This means that the performance of the Nvidia card would be abysmal, but still you would get a nice desktop and browser to Google around for answers on how to fix it :).
Sample installation
Here is an example. Let’s assume you have a freshly installed CentOS system with a recent Nvidia GPU and you want to:
- Install the driver for gaming
- Play Vulkan enabled games
- Want to be comfortable with the Nvidia control panel
- Play 32 bit games (Vulkan included) on a 64 bit system
- Play 32 bit Vulkan games on a 64 bit system
# yum install nvidia-driver nvidia-driver-libs.i686 Last metadata expiration check: 0:05:30 ago on Tue 05 Feb 2019 06:52:50 AM CET. Dependencies resolved. ================================================================================ Package Arch Version Repository Size ================================================================================ Installing: nvidia-driver x86_64 3:415.27-4.fc29 fedora-multimedia 2.4 M nvidia-driver-libs i686 3:415.27-4.fc29 fedora-multimedia 18 M Installing dependencies: akmod-nvidia x86_64 3:415.27-1.fc29 fedora-multimedia 10 M nvidia-driver-cuda-libs x86_64 3:415.27-4.fc29 fedora-multimedia 25 M nvidia-driver-libs x86_64 3:415.27-4.fc29 fedora-multimedia 34 M nvidia-kmod-common noarch 3:415.27-1.fc29 fedora-multimedia 10 k akmods noarch 0.5.6-17.fc29 updates 22 k egl-wayland x86_64 1.1.1-3.fc29 updates 29 k kernel-devel x86_64 4.20.6-200.fc29 updates 13 M mesa-libEGL i686 18.2.8-1.fc29 updates 112 k mesa-libgbm i686 18.2.8-1.fc29 updates 39 k libglvnd-egl i686 1:1.1.0-2.fc29 fedora 45 k libglvnd-gles i686 1:1.1.0-2.fc29 fedora 32 k libglvnd-opengl i686 1:1.1.0-2.fc29 fedora 37 k libglvnd-opengl x86_64 1:1.1.0-2.fc29 fedora 39 k libva-vdpau-driver x86_64 0.7.4-22.fc29 fedora 60 k libwayland-server i686 1.16.0-1.fc29 fedora 38 k Transaction Summary ================================================================================ Install 17 Packages Total download size: 103 M Installed size: 385 M Is this ok [y/N]:
As you can see, this system has akmod enabled kernel modules and libraries for running 32 bit applications.
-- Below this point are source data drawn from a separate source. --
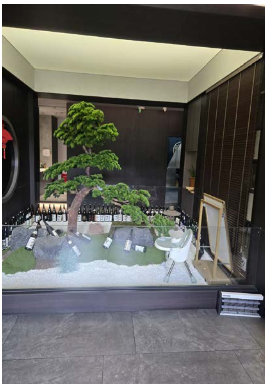
江阴市澄江中路 29 号 A 座 2 号-1
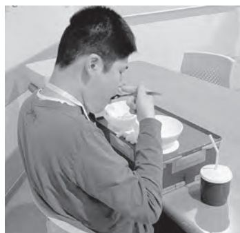
▲自然に最適な食事姿勢が取れるようになりました
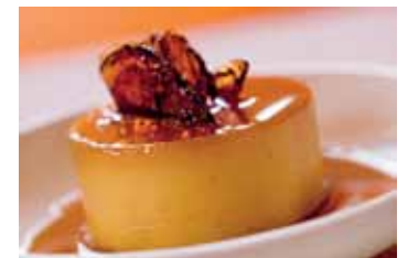
Flan de leche Crème caramel – popular dessert in the DR, made with eggs, milk and sugar.
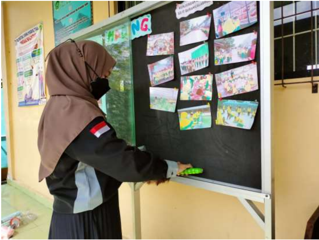
Gambar 31. Menghias Majalah Dinding
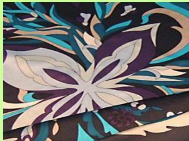
Стрейч - атлас
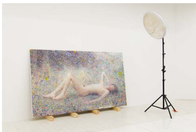
フロリアル - 汚い光に混じった大きな花粉 - 2012-2014 パネルに油彩、ミクストメディア、111.7×191.2cm 愛知県美術館所蔵

The amount of data to download for the drivers is really small compared to packages that contain CUDA libraries and tools.
Package installation
If you are booting the system in UEFI mode; as a prerequisite to installing any external module (not built into the kernel package), you have to disable UEFI Secure Boot in the system configuration. All modules contained in the kernel package are signed with keys that are generated during build and deleted when packaging. If you want to preserve Secure Boot, you need to sign the modules yourself and import the keys into your hardware module. Doing so is out of scope here; if you need a decent guide just follow Red Hat’s guide for signing kernel modules.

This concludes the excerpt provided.